[Try it]
Repeat the listing word for word, but skip any pictures.

[Stored data]
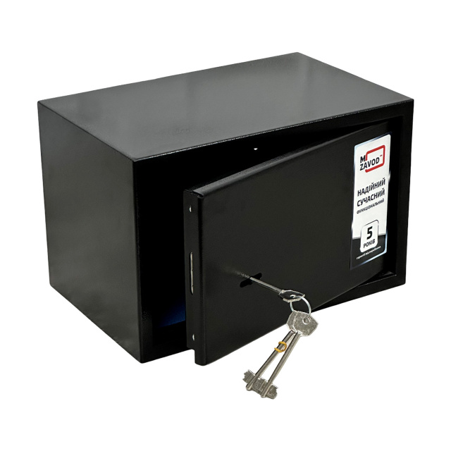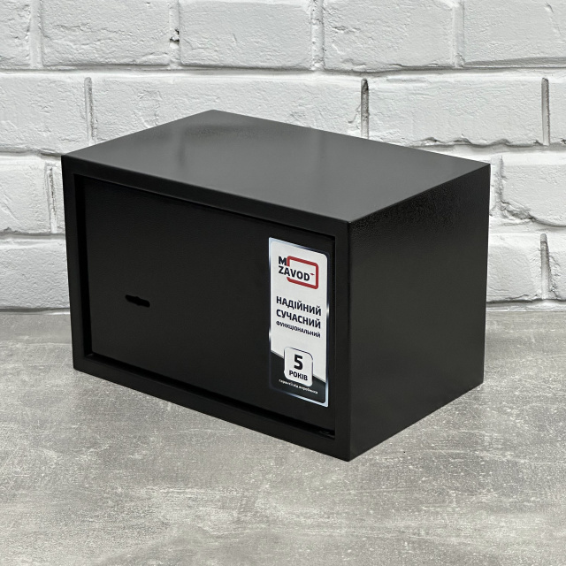 Конструкция сейфа выполнена из листовой стали толщиной 1 мм корпус, 2 мм дверная плита. Дверное отверстие усилено. Края двери загнуты внутрь, что увеличивает прочность и взламоустойчивость. Сейф обладает внутренними петлями – эти особенности конструкции также увеличивают его надежность.
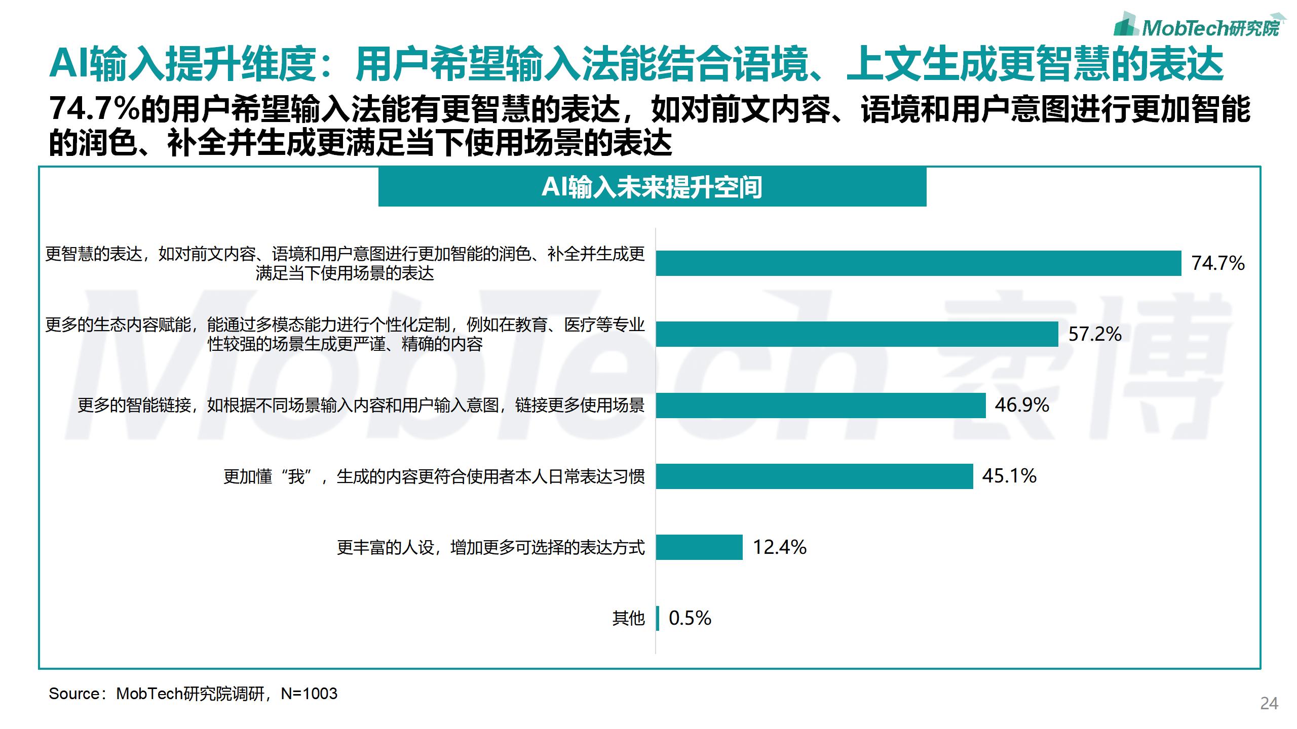 74.7%的用户希望输入法能有更智慧的表达,如对前文内容、语境和用户意图进行更加智能的润色、补全并生成更满足当下使用场景的表达。
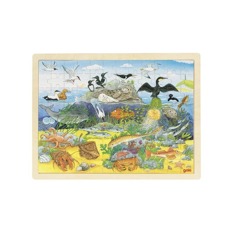Puzzle sur plaque en bois avec les animaux qui vivent sur ou sous l’eau. On s’amuse et on découvre les animaux dans leur habitat.
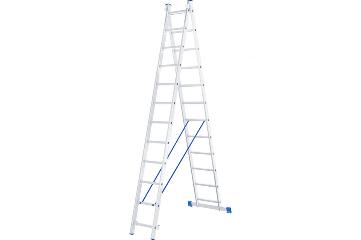 Алюминиевая двухсекционная лестница СИБРТЕХ 2х12 ступеней 97912 подходит для выполнения работ на высоте до 6.1 м.

[Task response]
 Конструкция сейфа выполнена из листовой стали толщиной 1 мм корпус, 2 мм дверная плита. Дверное отверстие усилено. Края двери загнуты внутрь, что увеличивает прочность и взламоустойчивость. Сейф обладает внутренними петлями – эти особенности конструкции также увеличивают его надежность.
 74.7%的用户希望输入法能有更智慧的表达,如对前文内容、语境和用户意图进行更加智能的润色、补全并生成更满足当下使用场景的表达。
Puzzle sur plaque en bois avec les animaux qui vivent sur ou sous l’eau. On s’amuse et on découvre les animaux dans leur habitat.
 Алюминиевая двухсекционная лестница СИБРТЕХ 2х12 ступеней 97912 подходит для выполнения работ на высоте до 6.1 м.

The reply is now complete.